No wonder he hadn’t been trained to fight. He could never have fought this man. And no small wonder his parents were giving him up as a sacrifice to these people. The last thing his kingdom needed was an army of these monsters coming down on them. They were lucky to have this alliance and peace so easily won, just as his father said.

That was what he felt as his hands were bound and he was placed on the back of the red elk.

He was led through the streets and, though it was Torsten’s last time in his own home, he hoped they would reach the edge of the city soon. He kept hearing things he didn’t want to hear.
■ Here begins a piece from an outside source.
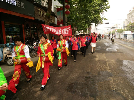 启动仪式结束后,志愿者们按照预定路线沿县城主街道以发放宣传彩页、齐喊口号、挑起横幅等形式开展宣传活动。
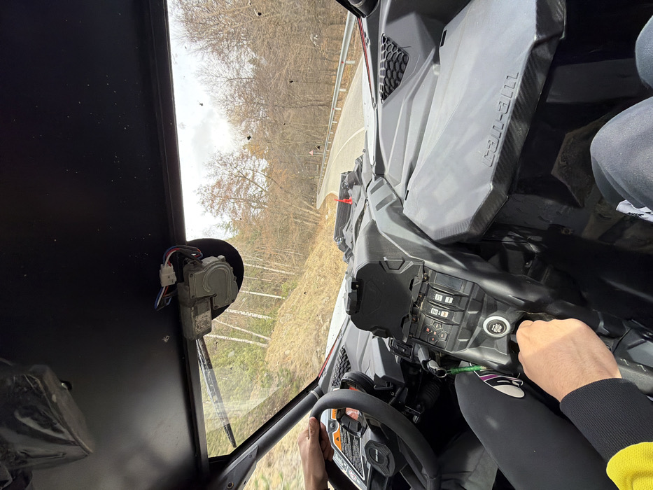 The image provides an interior view from a Can-Am side-by-side utility terrain vehicle (UTV), observed from the passenger side, looking forward

“They say that if the knight lifts his visor, you won’t see anything. That’s why they’re called ‘The Hollowmen’ because they’re just armor with nothing inside. You can’t beat an opponent like that. You’ll stab nothing but air.”

“I heard the prince will be showered in luxury and then killed when he finally thinks they aren’t going to kill him.”

“I heard they’re going to keep him alive as long as they can as they eat his insides and make him watch.”

“You did not hear that!”

“Okay, I made it up. Aren’t all you guys making up your stories?”

Torsten didn’t hear the end of that rumor mill. The knight in front of him didn’t say anything—not one word.

Once the city was behind them, Torsten was taken off the road and into a part of the woods he had always been told he should never go. The leaves of the ferns brushed the bottoms of his boots and the pine needles reached out and touched his cheek.

He breathed and reminded himself that it would all be over soon.

The Extra Tail in the Fairy Tale

Vallis sat down with a quill and paper and rewrote the kingdom’s laws. She had been educated in the law and found the work rewarding. At first, her father did not want to adopt the new law book that Vallis created. He thought it would give away his power, and in a lot of ways, it did. Vallis thought there was too much responsibility placed on the King’s shoulders. The laws had been written a hundred years ago by one of her control-freak ancestors.

As her father got older, she got him to sign off on the new laws one by one to compensate for his failing health. Mostly, it meant giving a few of his less important powers to other nobles.

One of the laws she snuck in was that the oldest child still living in the kingdom upon the death of the king would be the new ruler.

In her position as princess, she had also encouraged her older siblings to make diplomatic alliances, even selling off her oldest brother, Geoffry, to the most threatening of their enemies. It proved to be a brilliant alliance as he became a person of great power in the kingdom next door. Though he never became a king himself, he was a highly beloved figure in both kingdoms.

Vallis’ efforts to lighten her father’s load also proved rewarding as she improved his health and kept him alive years longer than anyone thought possible.

By the time she was crowned Queen, she was beloved by all and if Torsten had walked in on her on her fortieth birthday, he would have found her eating pear tarts in a bubble bath and planning the wedding of her niece. She was simply in charge of everything.